SEC registration fee
$ 1,265.86
Legal fees and expenses
75,000.00
Accounting fees and expenses(1)
18,150.00
Printing and miscellaneous expenses
7,500.00
Total
$ 101,915.86
(1)
The Accounting fees and expenses incurred by PwC Wirtschaftsprüfung GmbH in connection with the securities being registered hereby have been converted to USD at exchange rate valid on December 21, 2023, based on the exchange rate published by the Federal Reserve Bank.
Item 15.   Indemnification of Directors and Officers
Subsection (a) of Section 145 of the General Corporation Law of the State of Delaware, or the DGCL, empowers a corporation to indemnify any person who was or is a party or who is threatened to be made a party to any threatened, pending or completed action, suit or proceeding, whether civil, criminal, administrative or investigative (other than an action by or in the right of the corporation) by reason of the fact that the person is or was a director, officer, employee or agent of the corporation, or is or was serving at the request of the corporation as a director, officer, employee or agent of another corporation, partnership, joint venture, trust or other enterprise, against expenses (including attorneys’ fees), judgments, fines and amounts paid in settlement actually and reasonably incurred by the person in connection with such action, suit or proceeding if the person acted in good faith and in a manner the person reasonably believed to be in or not opposed to the best interests of the corporation, and, with respect to any criminal action or proceeding, had no reasonable cause to believe the person’s conduct was unlawful.

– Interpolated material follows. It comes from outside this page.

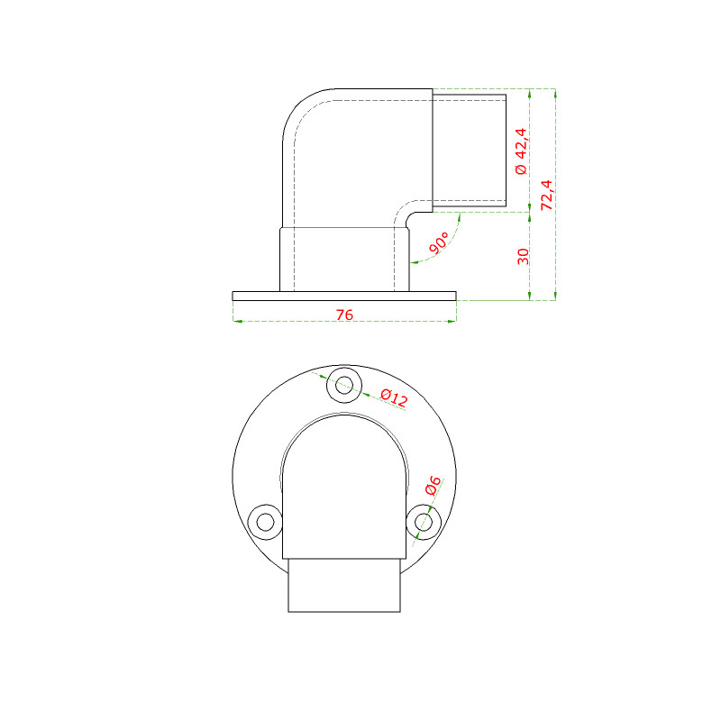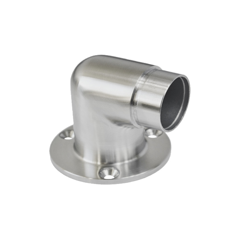 spojka rohová 90° na trubku ø 42.4mm s uchytením na stenu, brúsená nerez K320 /AISI304

Subsection (b) of Section 145 empowers a corporation to indemnify any person who was or is a party or is threatened to be made a party to any threatened, pending or completed action or suit by or in the right of the corporation to procure a judgment in its favor by reason of the fact that the person acted in any of the capacities set forth above, against expenses (including attorneys’ fees) actually and reasonably incurred by the person in connection with the defense or settlement of such action or suit if the person acted in good faith and in a manner the person reasonably believed to be in or not opposed to the best interests of the corporation, except that no indemnification shall be made in respect of any claim, issue or matter as to which such person shall have been adjudged to be liable to the corporation unless and only to the extent that the Court of Chancery or the court in which such action or suit was brought shall determine upon application that, despite the adjudication of liability but in view of all the circumstances of the case, such person is fairly and reasonably entitled to indemnity for such expenses which the Court of Chancery or such other court shall deem proper.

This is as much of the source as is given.